Could you repeat the data word for word while skipping the pictures?

Supplied material –
####

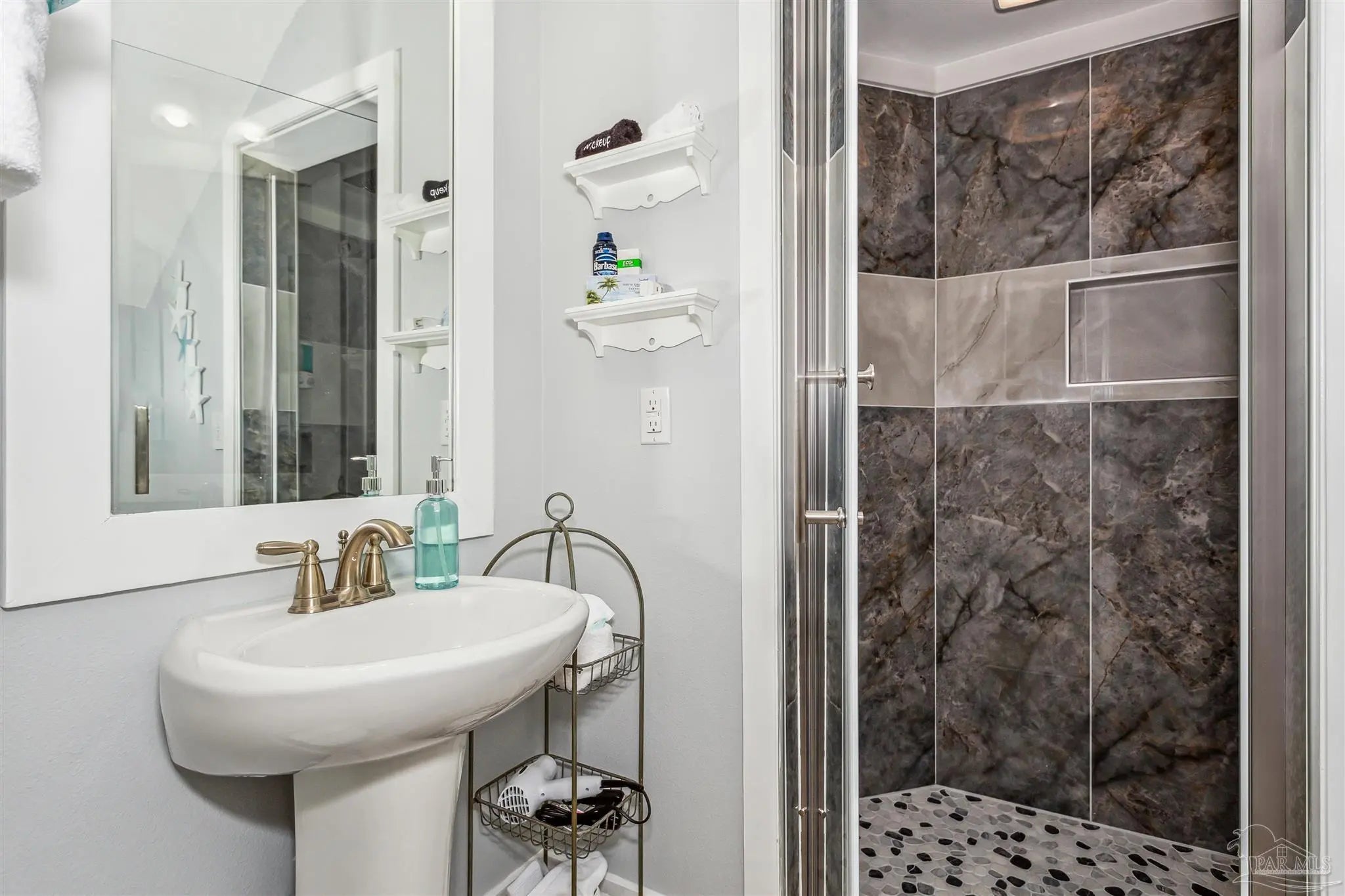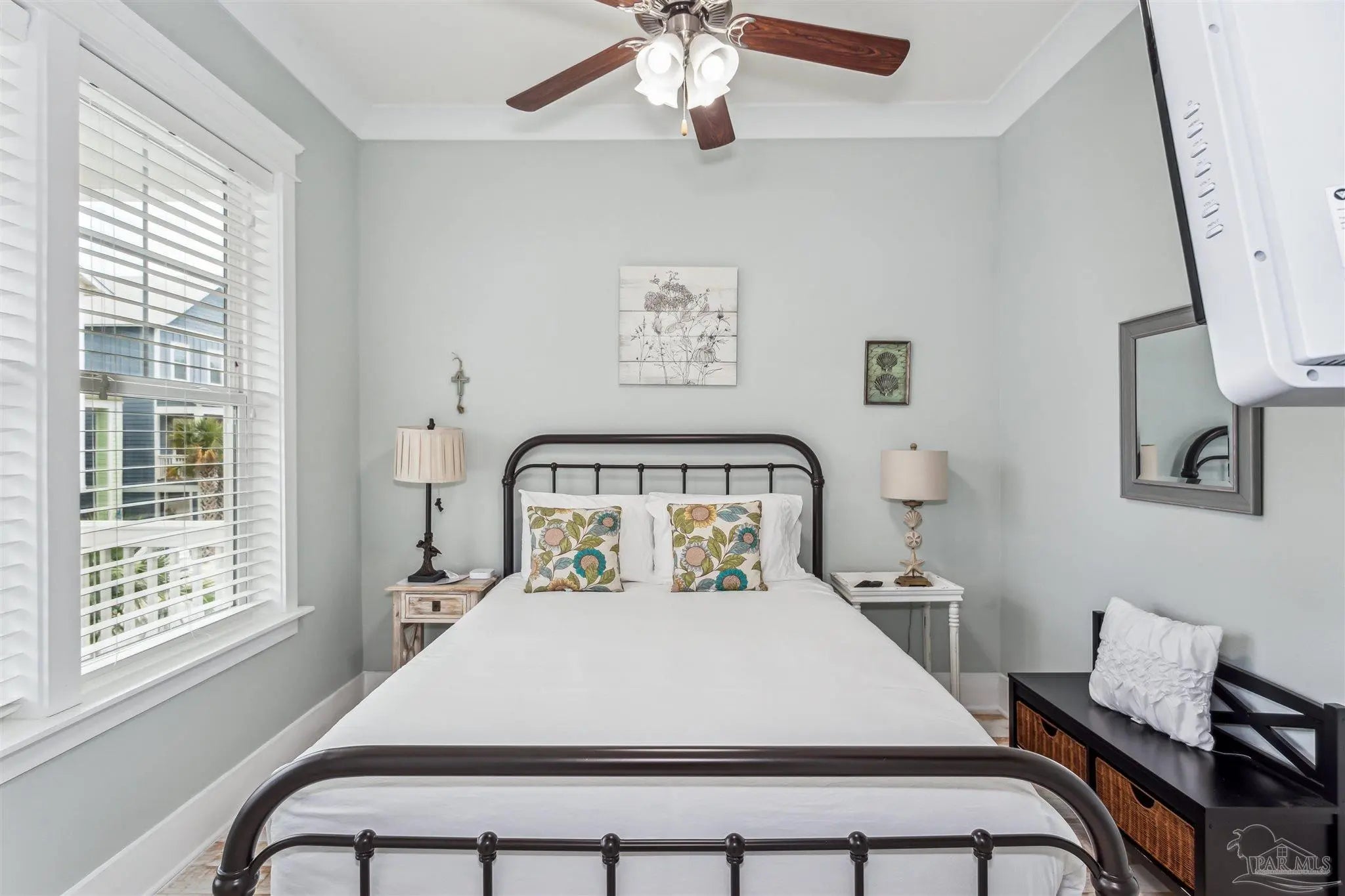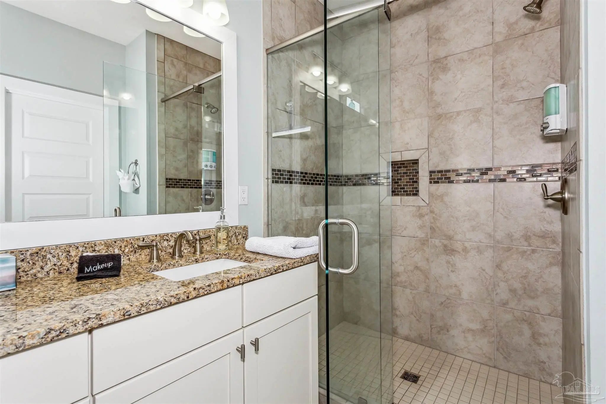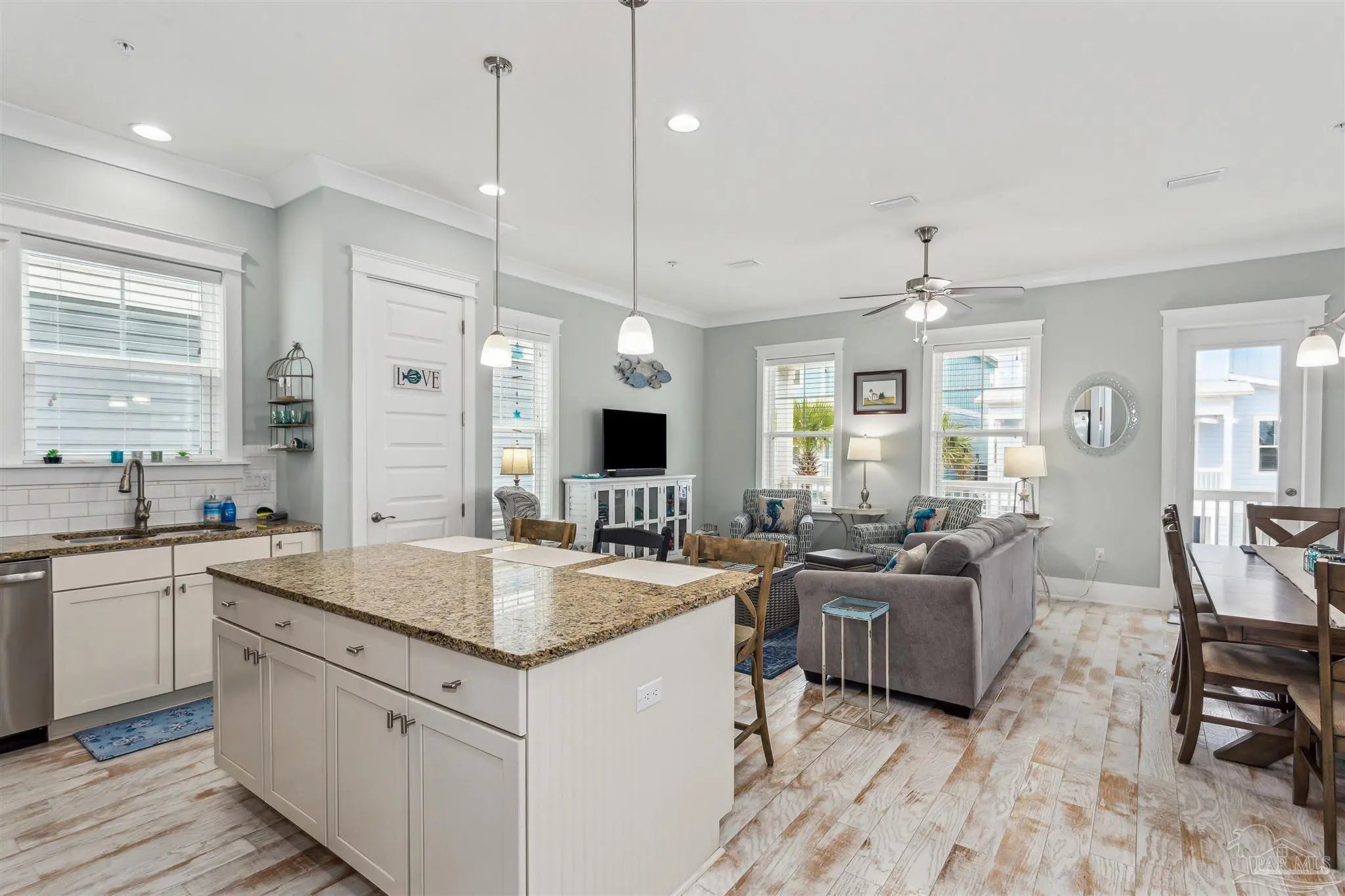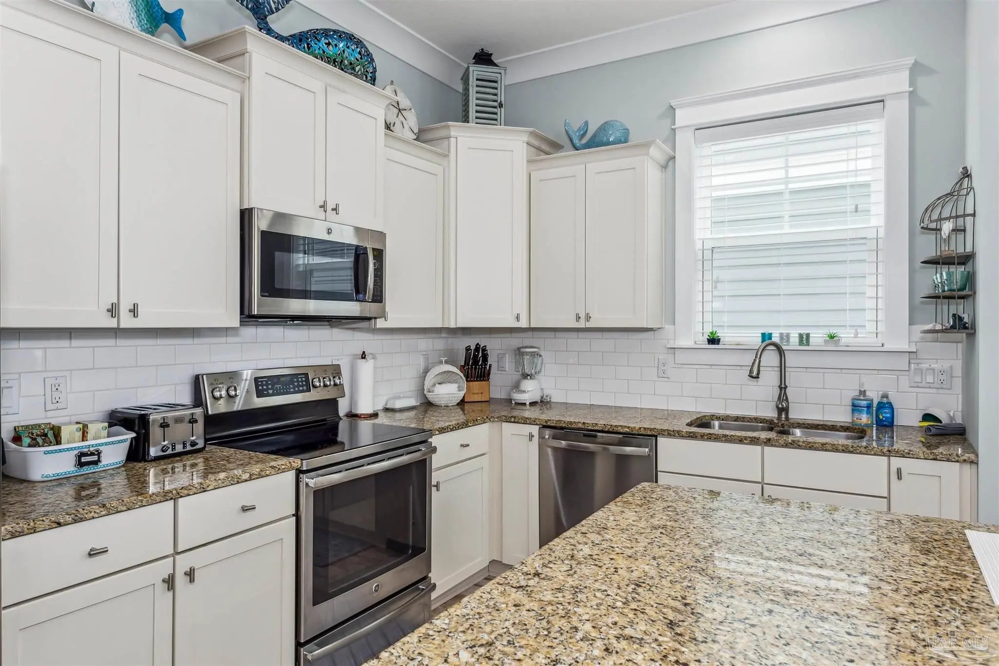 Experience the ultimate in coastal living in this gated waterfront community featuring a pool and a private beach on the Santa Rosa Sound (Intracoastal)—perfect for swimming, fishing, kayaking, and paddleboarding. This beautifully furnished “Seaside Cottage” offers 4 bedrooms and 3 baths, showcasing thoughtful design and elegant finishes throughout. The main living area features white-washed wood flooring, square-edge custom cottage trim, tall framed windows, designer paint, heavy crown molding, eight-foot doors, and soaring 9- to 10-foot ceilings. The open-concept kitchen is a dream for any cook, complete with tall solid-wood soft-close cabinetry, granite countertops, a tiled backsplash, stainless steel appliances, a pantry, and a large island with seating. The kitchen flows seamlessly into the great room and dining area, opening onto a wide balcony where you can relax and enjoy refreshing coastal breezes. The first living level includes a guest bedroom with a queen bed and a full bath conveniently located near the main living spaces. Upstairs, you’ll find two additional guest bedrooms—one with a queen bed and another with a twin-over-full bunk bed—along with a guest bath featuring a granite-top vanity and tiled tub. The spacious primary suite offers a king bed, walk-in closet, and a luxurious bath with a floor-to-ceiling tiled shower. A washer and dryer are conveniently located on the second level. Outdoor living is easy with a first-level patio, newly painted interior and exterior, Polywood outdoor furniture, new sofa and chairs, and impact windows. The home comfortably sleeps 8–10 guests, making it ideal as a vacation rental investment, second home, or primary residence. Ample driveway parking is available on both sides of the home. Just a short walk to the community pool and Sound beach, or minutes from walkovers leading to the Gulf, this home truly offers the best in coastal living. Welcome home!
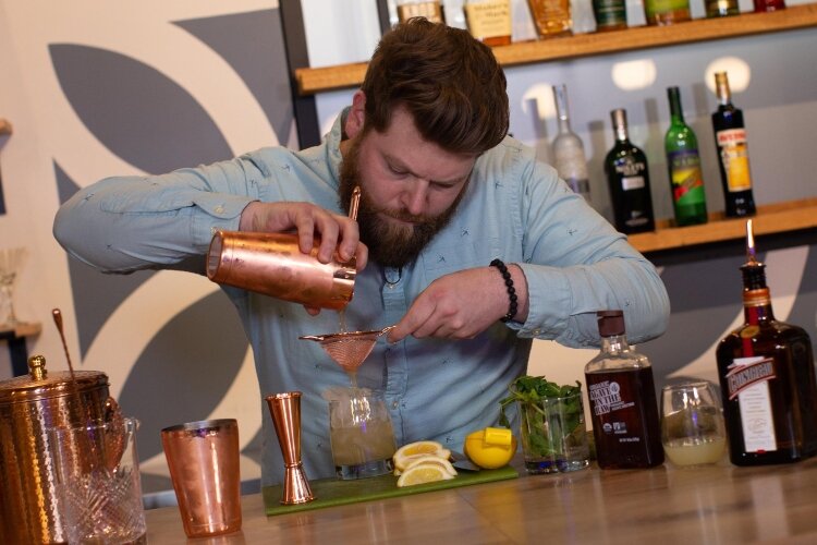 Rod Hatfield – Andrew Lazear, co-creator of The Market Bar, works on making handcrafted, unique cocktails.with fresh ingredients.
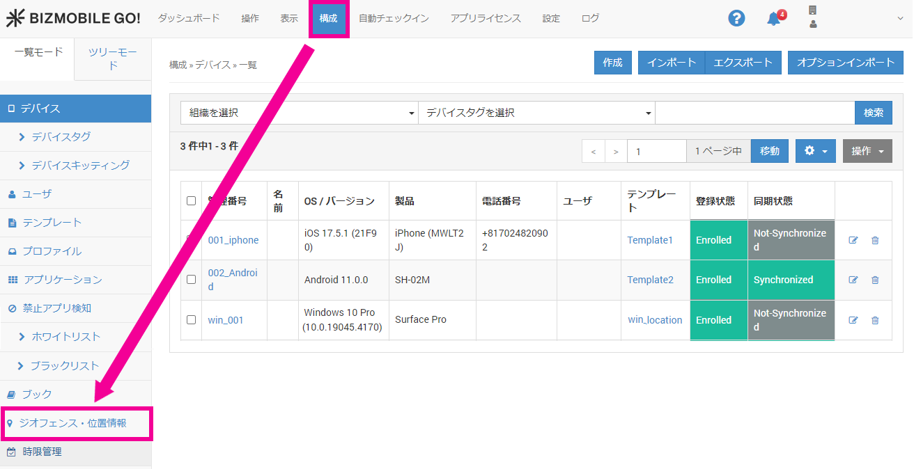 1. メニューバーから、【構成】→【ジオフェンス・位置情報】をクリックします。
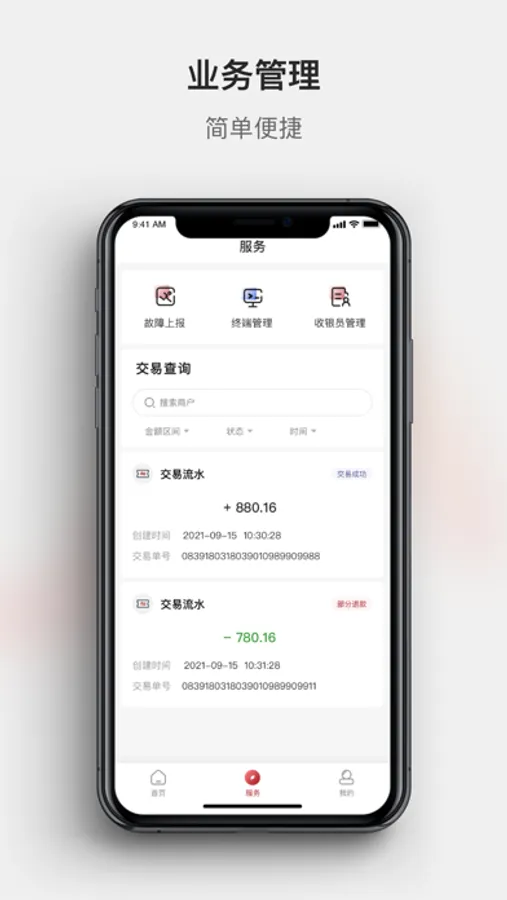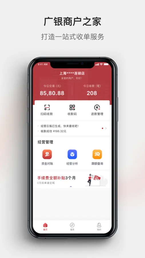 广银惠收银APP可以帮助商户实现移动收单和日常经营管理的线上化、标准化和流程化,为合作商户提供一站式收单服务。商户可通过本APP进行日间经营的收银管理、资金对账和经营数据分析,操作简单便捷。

####

Result of this exercise –
 Experience the ultimate in coastal living in this gated waterfront community featuring a pool and a private beach on the Santa Rosa Sound (Intracoastal)—perfect for swimming, fishing, kayaking, and paddleboarding. This beautifully furnished “Seaside Cottage” offers 4 bedrooms and 3 baths, showcasing thoughtful design and elegant finishes throughout. The main living area features white-washed wood flooring, square-edge custom cottage trim, tall framed windows, designer paint, heavy crown molding, eight-foot doors, and soaring 9- to 10-foot ceilings. The open-concept kitchen is a dream for any cook, complete with tall solid-wood soft-close cabinetry, granite countertops, a tiled backsplash, stainless steel appliances, a pantry, and a large island with seating. The kitchen flows seamlessly into the great room and dining area, opening onto a wide balcony where you can relax and enjoy refreshing coastal breezes. The first living level includes a guest bedroom with a queen bed and a full bath conveniently located near the main living spaces. Upstairs, you’ll find two additional guest bedrooms—one with a queen bed and another with a twin-over-full bunk bed—along with a guest bath featuring a granite-top vanity and tiled tub. The spacious primary suite offers a king bed, walk-in closet, and a luxurious bath with a floor-to-ceiling tiled shower. A washer and dryer are conveniently located on the second level. Outdoor living is easy with a first-level patio, newly painted interior and exterior, Polywood outdoor furniture, new sofa and chairs, and impact windows. The home comfortably sleeps 8–10 guests, making it ideal as a vacation rental investment, second home, or primary residence. Ample driveway parking is available on both sides of the home. Just a short walk to the community pool and Sound beach, or minutes from walkovers leading to the Gulf, this home truly offers the best in coastal living. Welcome home!
 Rod Hatfield – Andrew Lazear, co-creator of The Market Bar, works on making handcrafted, unique cocktails.with fresh ingredients.
 1. メニューバーから、【構成】→【ジオフェンス・位置情報】をクリックします。
 广银惠收银APP可以帮助商户实现移动收单和日常经营管理的线上化、标准化和流程化,为合作商户提供一站式收单服务。商户可通过本APP进行日间经营的收银管理、资金对账和经营数据分析,操作简单便捷。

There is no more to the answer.